[Record extracts]
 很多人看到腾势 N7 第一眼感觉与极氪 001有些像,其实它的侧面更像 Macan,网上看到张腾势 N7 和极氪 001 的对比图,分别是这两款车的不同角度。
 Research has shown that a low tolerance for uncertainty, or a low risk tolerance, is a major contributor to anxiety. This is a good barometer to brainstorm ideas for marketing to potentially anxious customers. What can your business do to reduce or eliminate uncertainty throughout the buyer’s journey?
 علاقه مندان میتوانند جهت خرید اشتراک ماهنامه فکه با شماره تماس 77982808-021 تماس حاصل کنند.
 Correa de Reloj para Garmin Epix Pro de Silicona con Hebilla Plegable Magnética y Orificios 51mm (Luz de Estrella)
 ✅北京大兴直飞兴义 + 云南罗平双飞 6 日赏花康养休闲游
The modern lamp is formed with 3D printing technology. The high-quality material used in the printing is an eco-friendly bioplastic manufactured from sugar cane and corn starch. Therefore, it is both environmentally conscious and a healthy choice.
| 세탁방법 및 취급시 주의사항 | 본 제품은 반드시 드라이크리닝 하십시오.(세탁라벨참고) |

---

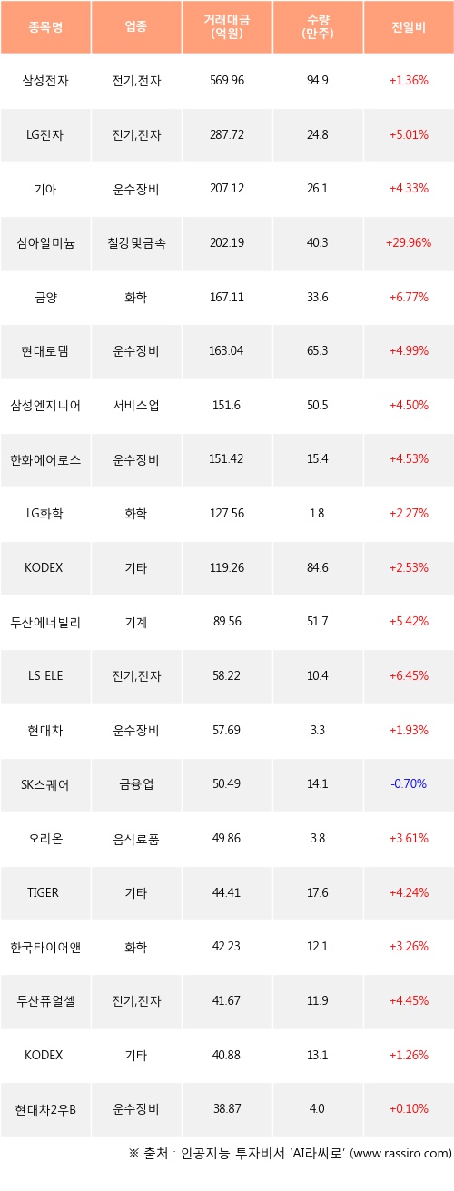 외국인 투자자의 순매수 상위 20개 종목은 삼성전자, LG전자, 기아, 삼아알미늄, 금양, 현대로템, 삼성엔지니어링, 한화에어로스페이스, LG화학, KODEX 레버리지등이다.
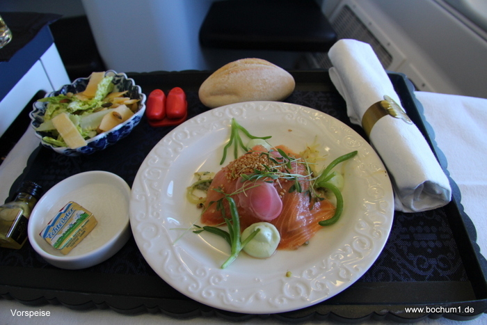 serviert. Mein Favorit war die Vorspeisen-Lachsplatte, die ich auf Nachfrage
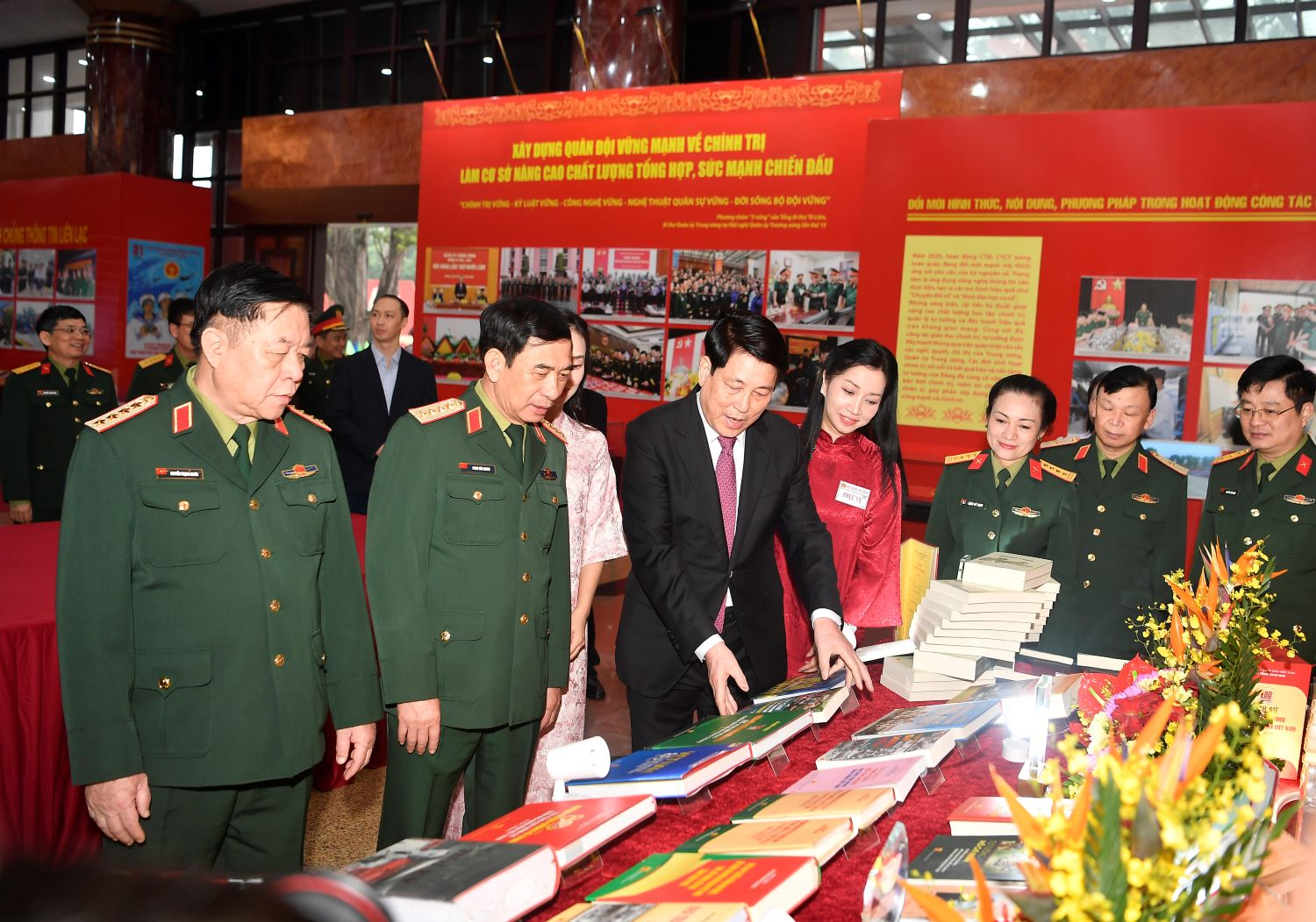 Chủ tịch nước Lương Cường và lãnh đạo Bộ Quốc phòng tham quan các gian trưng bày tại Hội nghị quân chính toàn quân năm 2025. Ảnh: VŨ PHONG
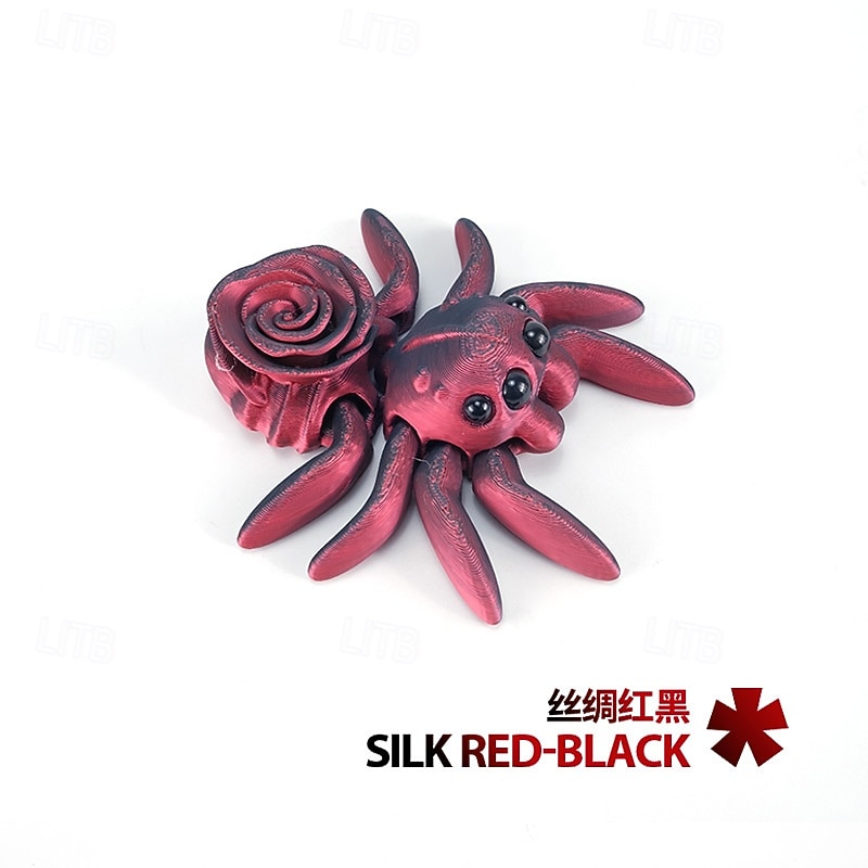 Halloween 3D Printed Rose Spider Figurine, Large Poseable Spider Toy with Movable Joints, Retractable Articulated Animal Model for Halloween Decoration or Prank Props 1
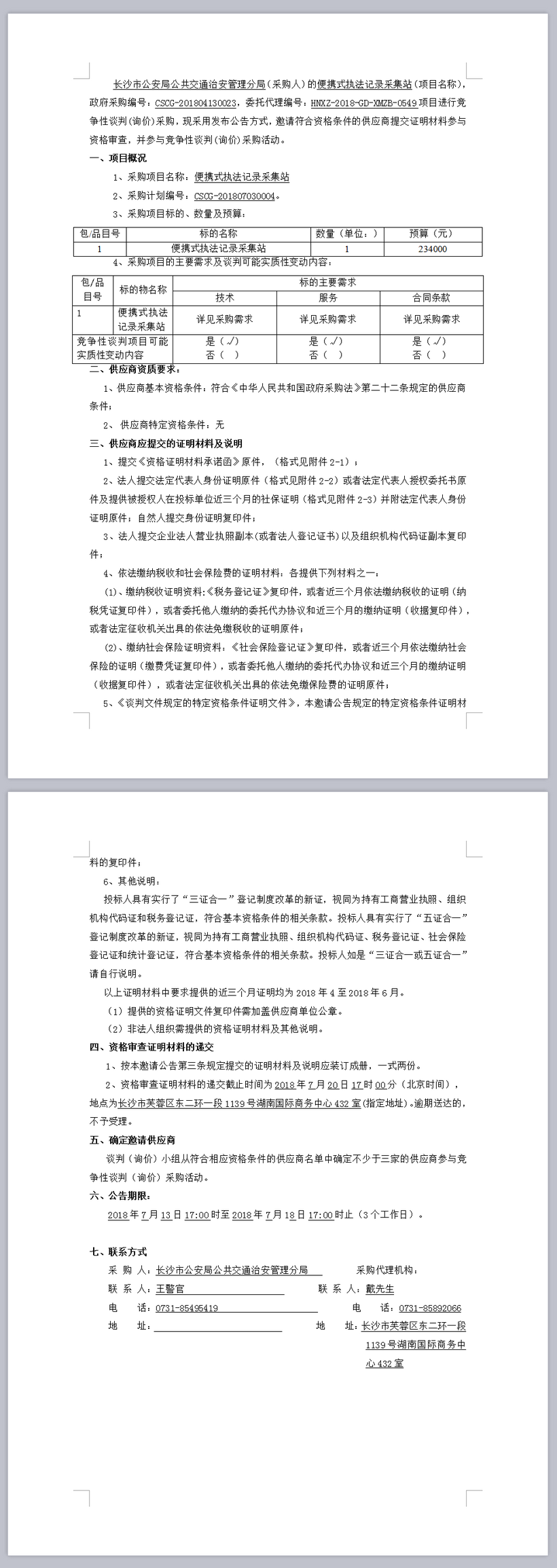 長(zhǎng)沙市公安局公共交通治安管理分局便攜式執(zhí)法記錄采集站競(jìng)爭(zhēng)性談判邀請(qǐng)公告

...

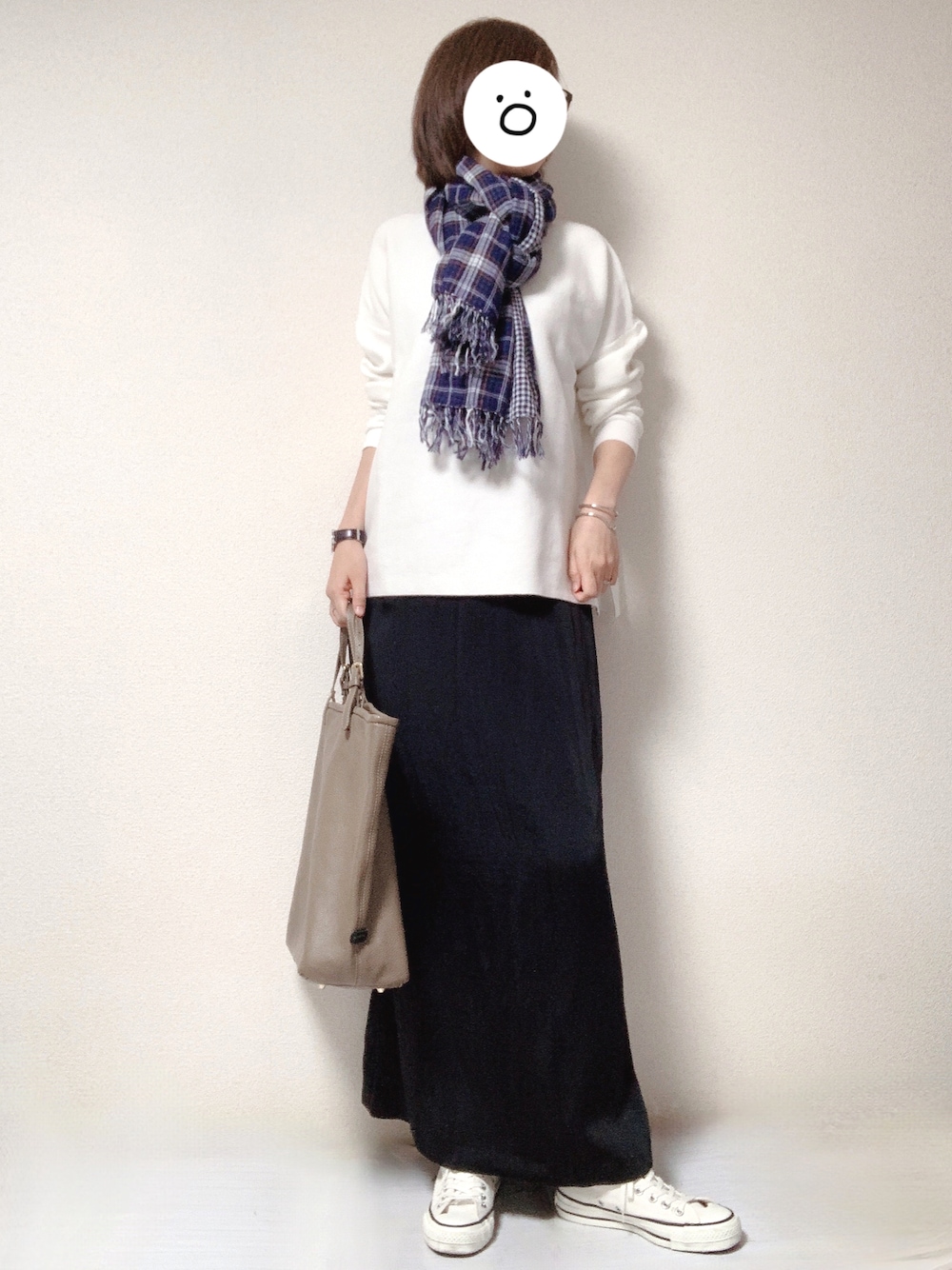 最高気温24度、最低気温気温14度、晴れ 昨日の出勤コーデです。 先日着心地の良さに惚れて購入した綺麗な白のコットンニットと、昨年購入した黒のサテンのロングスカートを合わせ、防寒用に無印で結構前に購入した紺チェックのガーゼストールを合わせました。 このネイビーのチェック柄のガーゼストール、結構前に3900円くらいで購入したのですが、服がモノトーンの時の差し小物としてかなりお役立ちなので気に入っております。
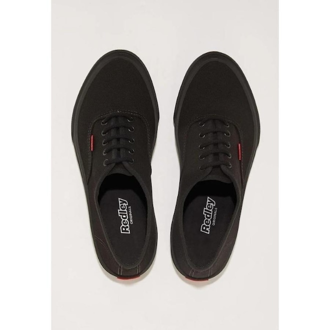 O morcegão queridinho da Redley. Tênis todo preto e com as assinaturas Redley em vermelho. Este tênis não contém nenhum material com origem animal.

[Task directions] Return only the lines between the one holding "很多人看到腾势 N7 第一眼感觉与极氪" and the one holding "Research has shown", inclusive, exactly as they appear above.

[Response to the exercise]
 很多人看到腾势 N7 第一眼感觉与极氪 001有些像,其实它的侧面更像 Macan,网上看到张腾势 N7 和极氪 001 的对比图,分别是这两款车的不同角度。
 Research has shown that a low tolerance for uncertainty, or a low risk tolerance, is a major contributor to anxiety. This is a good barometer to brainstorm ideas for marketing to potentially anxious customers. What can your business do to reduce or eliminate uncertainty throughout the buyer’s journey?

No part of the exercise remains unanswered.